Таисии Руковой было лет этак одиннадцать, когда в сочельник она высунула голову в окно, увидела внизу мужчину и влюбилась в него. Мать Таисии в этот памятный момент как раз гадала на картах с золочеными рубашками и, почувствовав сквозняк, крикнула: «Это кто открыл окно?» Поскольку никто не признался, стало очевидно, что окно распахнула Таисия, и мать сказала: «Дорогая, не хочешь же ты провести праздник в постели?»
Таисия стояла на коленках на подоконнике и, как заводной щенок, вертела головой, пытаясь высмотреть возлюбленного в психозе метели, но с подоконника его видно не было. А он был мужчина тридцати семи лет, разведенный, поклонник Хайдеггера, и в тот сочельник он оказался под окном Таисии Руковой по причине того, что нуждался в деньгах и нанялся в праздники поторговать хлопушками. За плечами у него находился рюкзак, с которым он лет десять назад вернулся из Джелалабада, но только теперь в рюкзаке лежали петарды с рубиновыми хвостами, фейерверки по пять долларов, при взрыве смутно напоминавшие пегасов, и гордость фирмы «Хлоп-хлоп и C°» — черный дракон, изрыгавший искры (самый дорогой, к слову сказать).
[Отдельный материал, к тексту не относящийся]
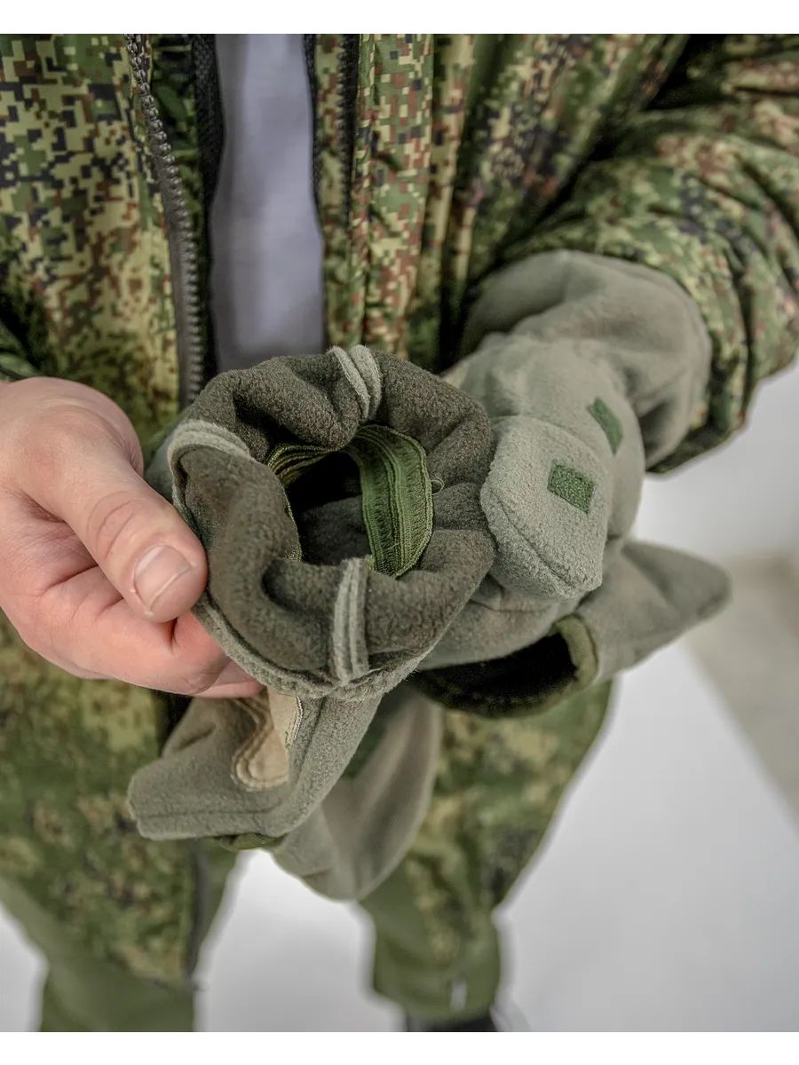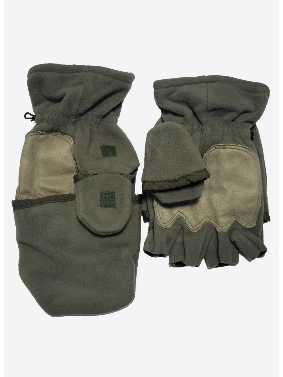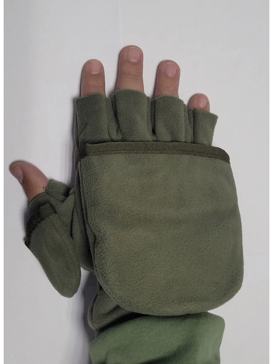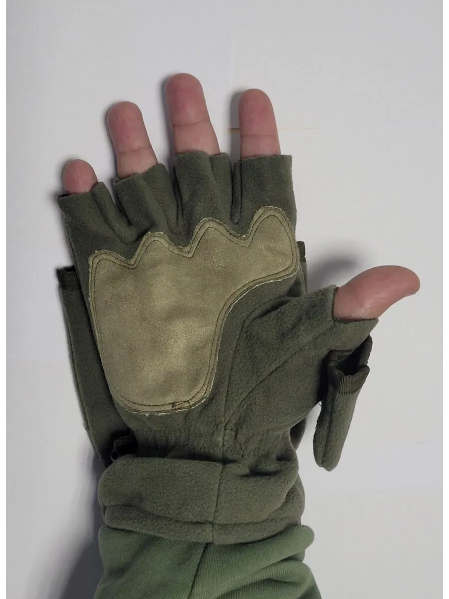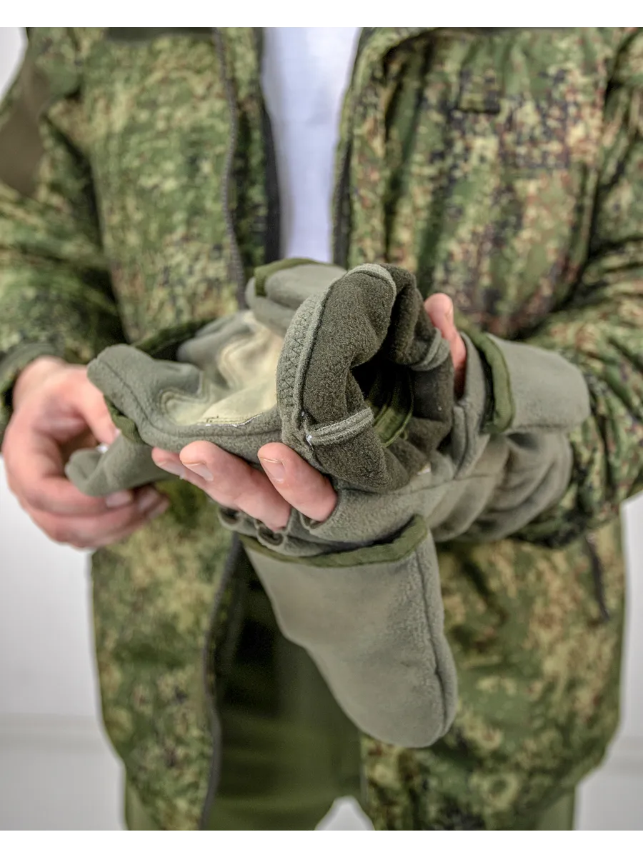 Армейские варежки утепленные изготовлены из трехслойной ткани типа "виндблок" - двух слоев флиса с мембраной между ними, которая защищает от ветра, но выводит наружу избыточную влагу (пот), наладонник - искусственная износостойкая замша для уменьшения скольжения. Имеют базовую часть в виде перчаток с открытыми пальцами для работы и теплого клапана-варежки для защиты пальцев. В открытом состоянии клапан фиксируется на внешней стороне липучкой. Модель с откидным верхом предназначена для защиты рук в холодное время года (но не обеспечивают полную защиту при низких температурах).

Тем временем мать Таисии отложила карты, недовольная пассивностью суженого, потянулась, сладко хрустнув, и отправилась на кухню озаботиться по поводу ужина. Путь туда лежал через гостиную в стиле заката Рима, где читал Селина отец Таисии Руковой, всегда чем-то разъяренный подкаблучник. Он называл жену «мамуля» и, как магнит, притягивал к себе домашнего кота, аналогично яростного по причине обрушиваемой на него ласки. В тот сочельник, когда «мамуля», полыхая белым задом, обдумывая очередную критическую статью, еще одну измену, фейерверк в качестве сюрприза, химическую завивку — не лучше ли к весне? — проплыла мимо его кресла и походя шутливо хлопнула по остро выдернутой вверх коленке, он зацепил край ее шали и сказал:
— Послушай, какой стиль: «Семена будущего сволочного мира прорастали еще в самой толще войны…»
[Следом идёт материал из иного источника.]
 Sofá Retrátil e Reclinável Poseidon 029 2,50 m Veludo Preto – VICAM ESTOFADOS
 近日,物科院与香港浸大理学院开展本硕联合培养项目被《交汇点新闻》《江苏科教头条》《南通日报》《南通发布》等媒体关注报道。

— О да… — зевнула жена и сразу разволновалась: — Он кушал? — Она обвинительно указала на кота, пригревшегося на коленях мужа.
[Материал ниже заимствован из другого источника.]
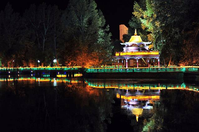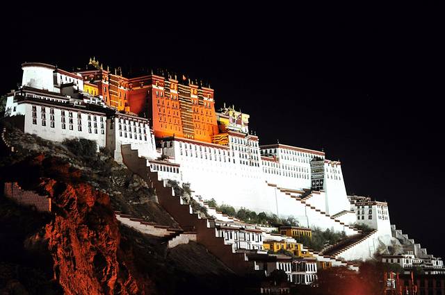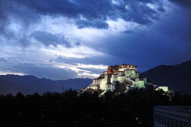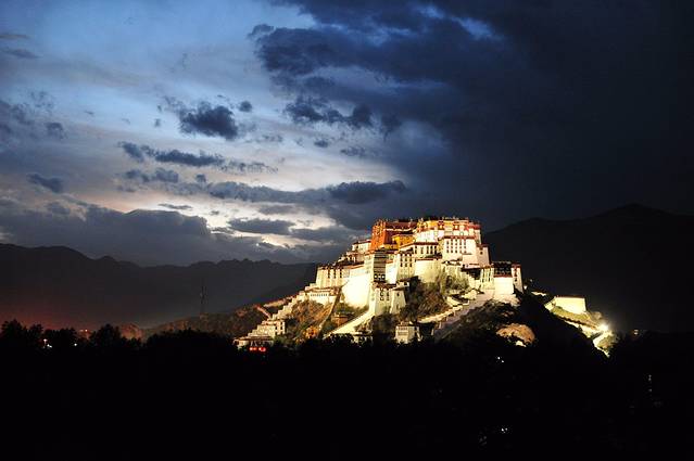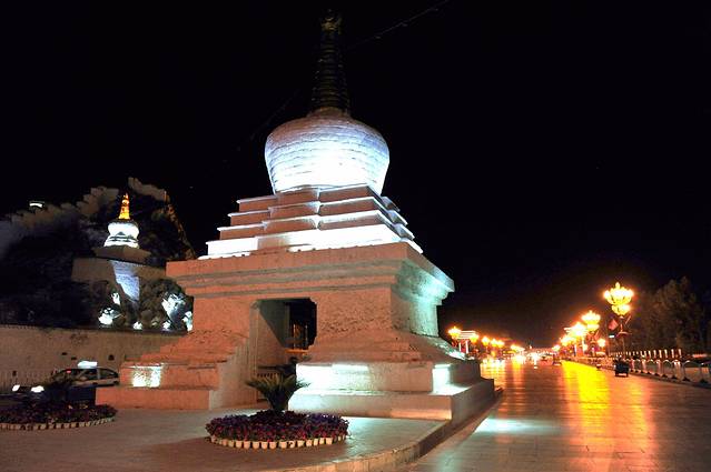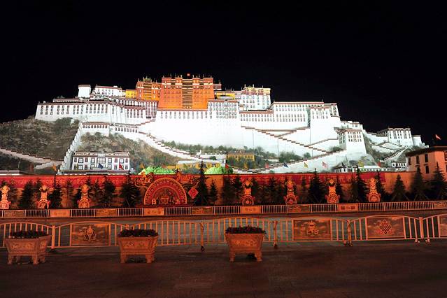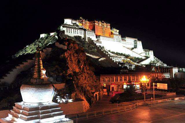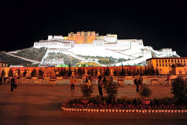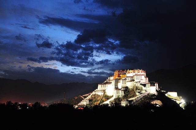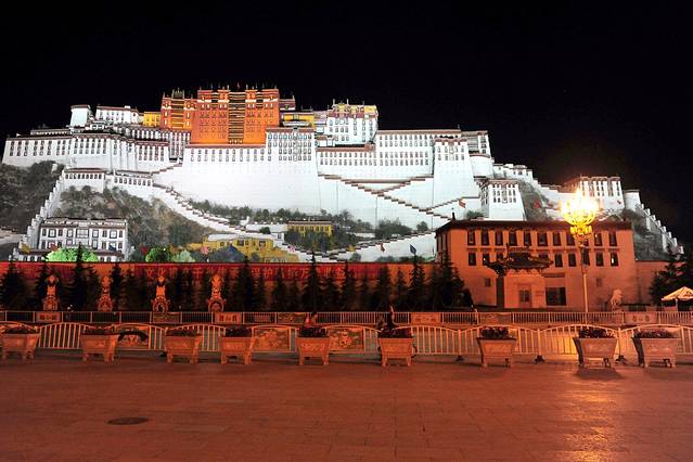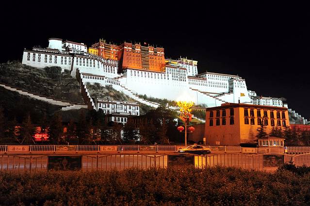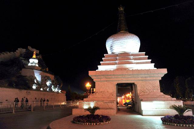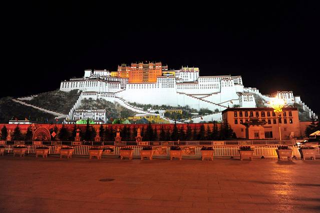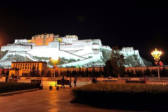 酒足饭饱,照片也拍好了,再次来到北京路和布达拉宫,由东向西沿北京路广场一侧边走边拍布达拉宫夜景。

— Дура! — взвизгнул отец Таисии. — «Мы ходили к ней искать на ощупь свое счастье, которому яростно угрожал весь мир. Желаний своих мы, конечно, стыдились, но привередничать не приходилось. Отказываться от любви еще трудней, чем от жизни…»
— Это что ты читаешь? — Она облокотилась на спинку его кресла и оглядывала комнату с ленивой бдительностью хозяйки. — Сартр? О, — мраморная, прозрачная у подмышки рука скользнула по поверхности буфета, — ты купил мне сигары? Спасибо, опять не те.
— Нет.
И он, и она решили, что ответ глуп, но тем не менее соотносится хотя бы с одним из заданных вопросов.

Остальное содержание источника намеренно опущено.